Re: [PATCH] cgroup: use irqsave in cgroup_rstat_flush_locked()

From: Sebastian Andrzej Siewior
Date: Wed Jul 11 2018 - 07:05:18 EST


On 2018-07-03 23:35:39 [+0200], To Tejun Heo wrote:
> On 2018-07-03 13:24:24 [-0700], Tejun Heo wrote:
> > (cc'ing Peter and Ingo for lockdep)
> >
> > Hello, Sebastian.
> Hi Tejun,
>
> > On Tue, Jul 03, 2018 at 06:45:44PM +0200, Sebastian Andrzej Siewior wrote:
> > > All callers of cgroup_rstat_flush_locked() acquire cgroup_rstat_lock
> > > either with spin_lock_irq() or spin_lock_irqsave().
> >
> > So, irq is always disabled in cgroup_rstat_flush_locked().
>
> on not RT enabled kernels.

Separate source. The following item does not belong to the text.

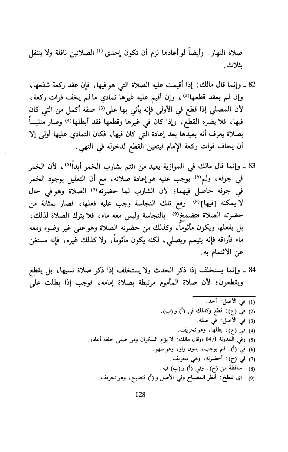 83 - وإنما قال مالك في الموازية يعيد من ائتم بشارب الخمر أبدًا (¬5)، لأن الخمر في جوفه، ولم (¬6) يوجب عليه هو إعادة صلاته، مع أن التعليل بوجود الخمر في جوفه حاصل فيهما؛ لأن الشارب لما حضرته (¬7) الصلاة وهو في حال لا يمكنه [فيها] (¬8) رفع تلك النجاسة وجب عليه فعلها، فصار بمثابة من حضرته الصلاة فتضمخ (¬9) بالنجاسة وليس معه ماء، فلا يترك الصلاة لذلك، بل يفعلها ويكون مأثومًا، وكذلك من حضرته الصلاة وهو على غير وضوء ومعه ماء فأراقه فإِنه يتيمم ويصلي، لكنه يكون مأثومًا، ولا كذلك غيره، فإِنه مستغن عن الائتمام به.

On RT enabled kernels spin_lock_irq.*() is
> turned into a sleeping spinlock which do not disable interrupts.
>
> > > cgroup_rstat_flush_locked() itself acquires cgroup_rstat_cpu_lock which
> > > is a raw_spin_lock. This lock is also acquired in cgroup_rstat_updated()
> > > in IRQ context and therefore requires _irqsave() locking suffix in
> > > cgroup_rstat_flush_locked().
> >
> > Yes, the cpu locks should be irqsafe too; however, as irq is always
> > disabled in that function, save/restore is redundant, no?
>
> as I pointed out above only the raw_spin_lock_t really disables
> interrupts on -RT. That is the difference between those two.
>
> > > Since there is no difference between spin_lock_t and raw_spin_lock_t
> > > on !RT lockdep does not complain here. On RT lockdep complains because
> > > the interrupts were not disabled here and a deadlock is possible.
> >
> > We at least used to do this in the kernel - manipulating irqsafe locks
> > with spin_lock/unlock() if the irq state is known, whether enabled or
> > disabled, and ISTR lockdep being smart enough to track actual irq
> > state to determine irq safety. Am I misremembering or is this
> > different on RT kernels?
>
> No, this is correct. So on !RT kernels the spin_lock_irq() disables
> interrupts and the raw_spin_lock() has the interrupts already disabled,
> everything is good. On RT kernels the spin_lock_irq() does not disable
> interrupts and the raw_spin_lock() acquires the lock with enabled
> interrupts and lockdep complains properly.
> lockdep sees the hardirq path via:
>
> {IN-HARDIRQ-W} state was registered at:
> lock_acquire+0x9e/0x250
> _raw_spin_lock_irqsave+0x38/0x50
> cgroup_rstat_updated+0x57/0x100
> cgroup_base_stat_cputime_account_end.isra.6+0x17/0x60
> __cgroup_account_cputime_field+0x49/0x60
> account_system_index_time+0xdb/0x1f0
> account_system_time+0x3f/0x70
> account_process_tick+0x59/0x80
> update_process_times+0x1d/0x50
> tick_sched_handle+0x20/0x60
> tick_sched_timer+0x37/0x80
> __hrtimer_run_queues+0x12c/0x6d0
> hrtimer_interrupt+0xed/0x240
> smp_apic_timer_interrupt+0x89/0x3c0
> apic_timer_interrupt+0xf/0x20
> pin_current_cpu+0xa/0x120
> migrate_disable+0x9a/0x200
> rt_spin_lock+0x1d/0x60
> put_unused_fd+0x2c/0x50
> do_sys_open+0x23a/0x250
> __x64_sys_openat+0x1b/0x20
> do_syscall_64+0x50/0x190
> entry_SYSCALL_64_after_hwframe+0x49/0xbe
>
> > Thanks.

ping.

Sebastian